The escapement also sets the machine's speed limit. Trip, print, release, land: the cycle has to finish before the next letter needs it, and a fast typist can outrun it, which produces the skipped and piled characters that repair manuals treat as a routine complaint.^[12] Mechanical typebar machines topped out around a thousand characters per minute.^[7] The limit was never the typist's fingers.

The Return

The carriage walks left tooth by tooth until the page runs out. Two things happen near the end of the line, both mechanical, both audible.

First the bell rings, several spaces before the margin, an early warning fired by a bail on the margin stop. Then, five to eight spaces later, the machine simply refuses: a lock bar rotates under the keylevers and the keyboard goes solid.^[3] No dialog box, no autocorrect. The machine physically declines to type past the edge of the paper.

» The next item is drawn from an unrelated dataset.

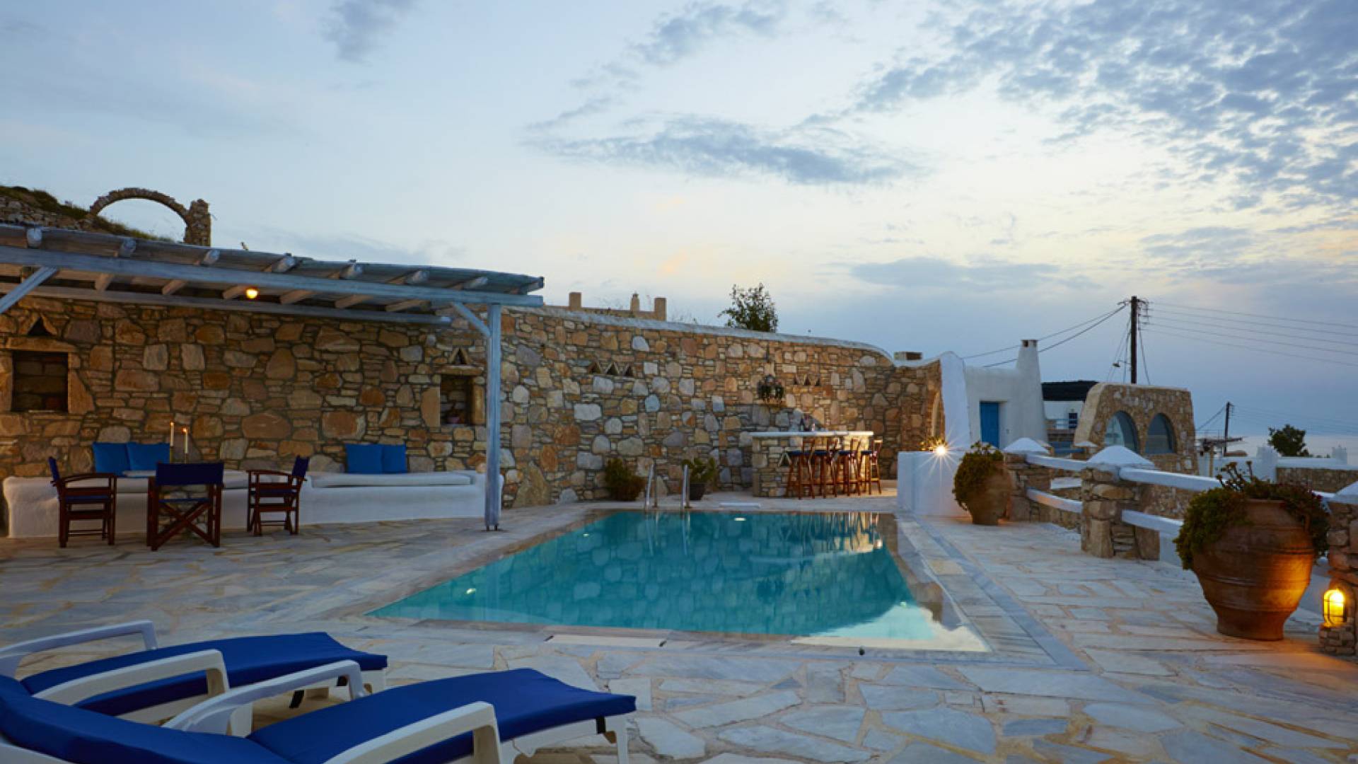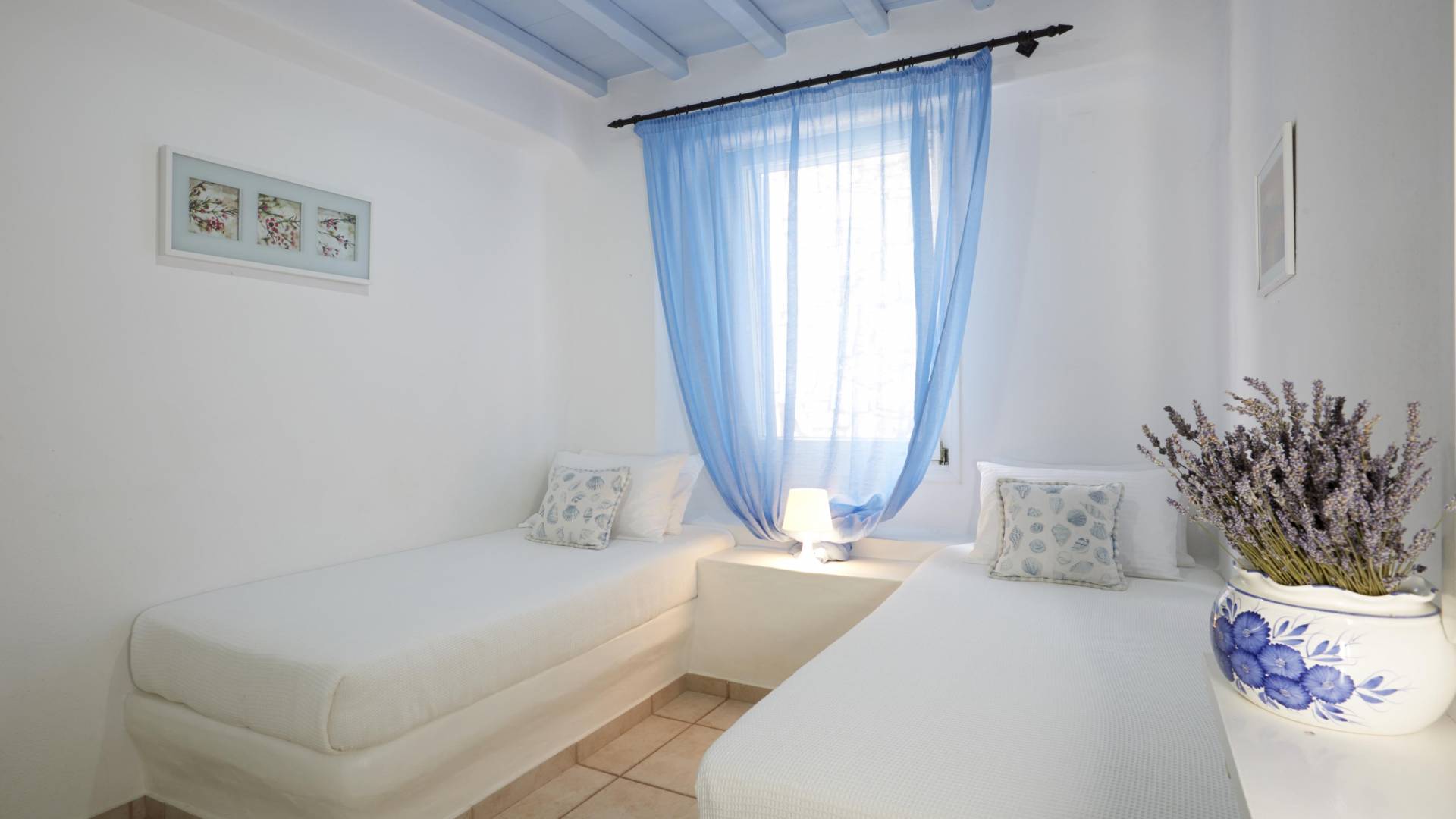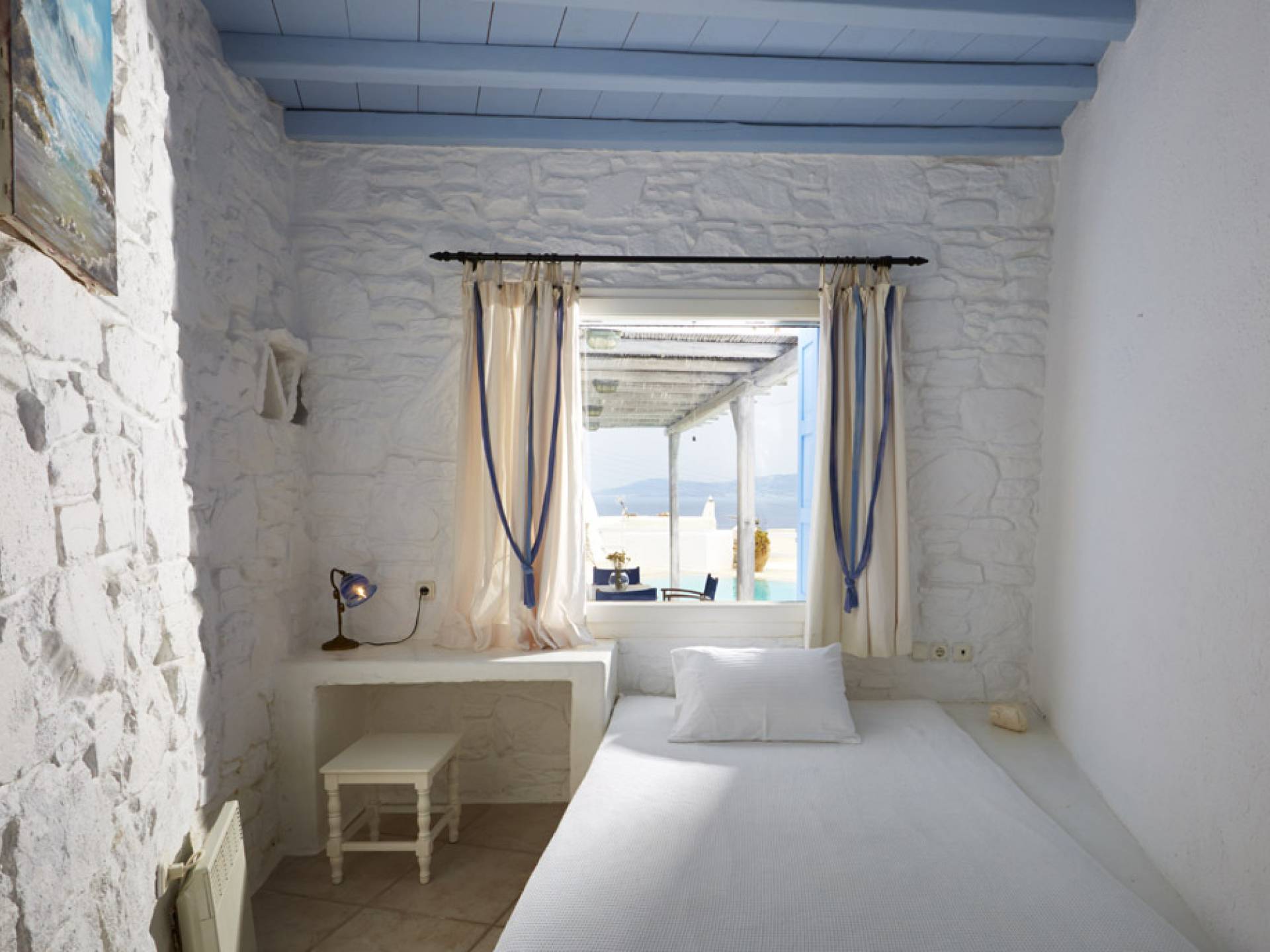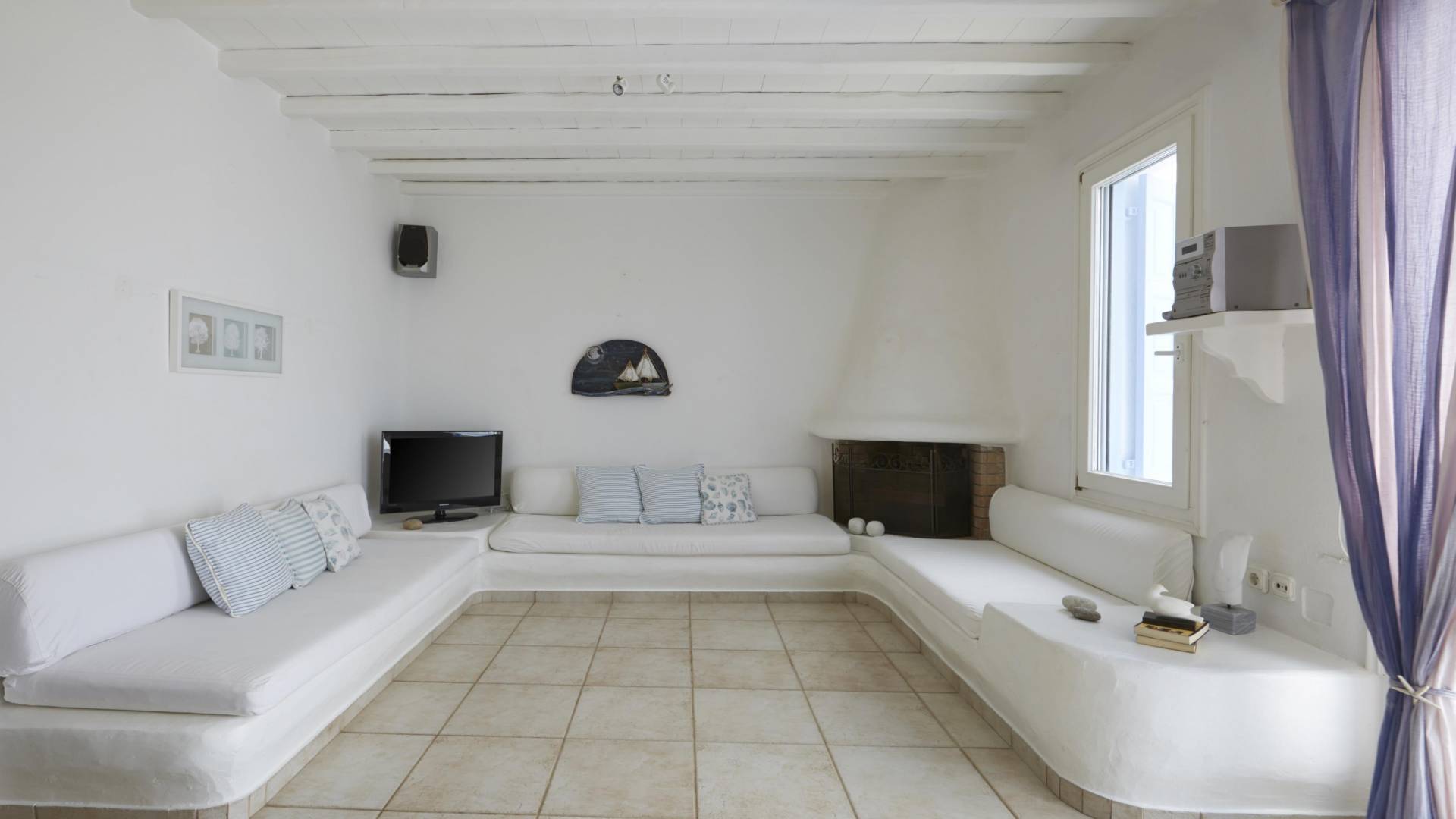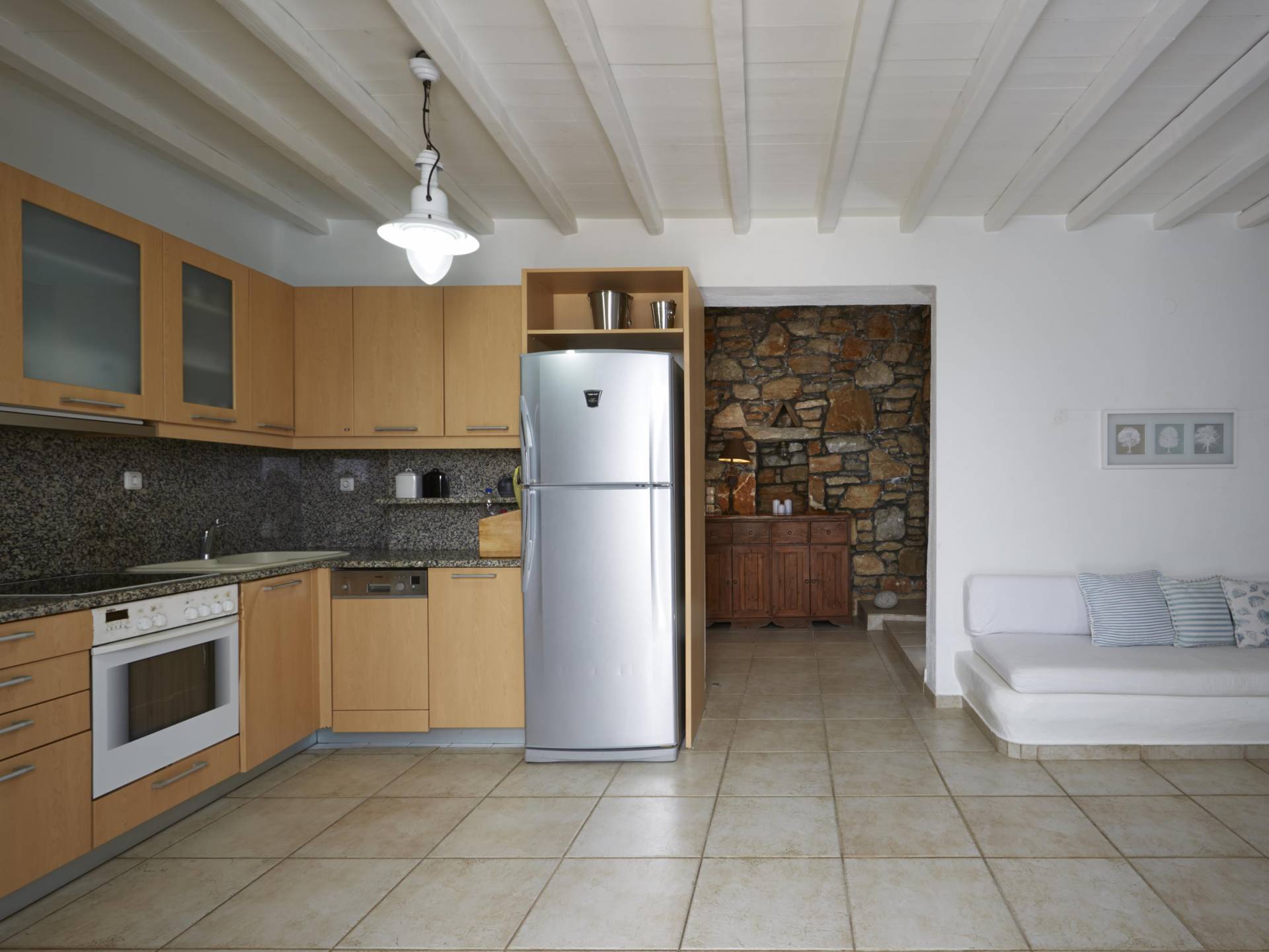 Villa Alexandra is situated in Kanalia. This villa has a panoramic view of Delos, Syros, and Tinos. Outside there is also a barbeque place and a bar area. At the end of the day, you can enjoy the magnificent sunset from your terrace drinking a glass of wine. This 3 bedroom villa has a fully equipped kitchen and a living room as well. One of the bedrooms is with twin beds and the other two bedrooms are with double beds. In this villa, there are 2 bathrooms.

The big lever on the carriage undoes everything in one throw. Scrub it below: the first part of its travel rotates the platen against a ratchet, feeding the paper up one line, and the rest of the throw shoves the carriage back to the right.^[2] Watch the spring drum on the left while the carriage travels home.

That shove is not wasted effort. Pushing the carriage home winds the drawband back onto the spring drum, re-tensioning the mainspring with interest collected from your forearm. Every line you type is paid for by the return stroke before it.

One more key deserves its mechanism: backspace. It runs its own pawl to the escapement and walks the wheel back one tooth, stepping the carriage right one character width. That is the entire feature. Nothing is erased, because the ink is already in the paper; whatever you strike next lands on top of what is there. Real corrections meant an eraser, correction fluid, or typing xxxx straight over the mistake. Try it in the playground below: backspace over a letter and strike another, and you get the honest overstrike a typist would recognize.

Type Something

The whole machine, then. Typebars, basket, segment, ribbon, vibrator, escapement, mainspring, bell, lock, return. Turn the sound on; the strikes, the bell, and the return are recordings of a real 1960s Brother Charger 11 manual typewriter.^[14] Type fast and you will jam it. Type to the margin and it will stop you.

If you want more room, the studio button opens the machine full screen: type a whole page, switch between a century of models (an 1868 prototype in walnut and brass, the 1915 standard, a 1955 seafoam portable, a 1972 office machine), and export what you typed, either as the page itself or as plain text.

There is a particular satisfaction in reaching the bottom of a machine. Not the gist of it, not a serviceable analogy, but the actual parts, in order, with nothing left standing in for the words "and then it works." We get that satisfaction less and less. The things we use have grown too deep to see the floor of, and most of them were built so we would never have to. The typewriter still lets you reach the floor, and there is a strange comfort in standing on it, even if the only thing you ever type is your own name to watch the carriage step left.

The model is a few thousand lines of TypeScript driving one kinematic chain, every part built from primitives with nothing scanned or imported. Where I could check it against a 1944 repair manual I did, and that manual is far better reading than it has any right to be.^[2] If you find a mechanism it gets wrong, tell me.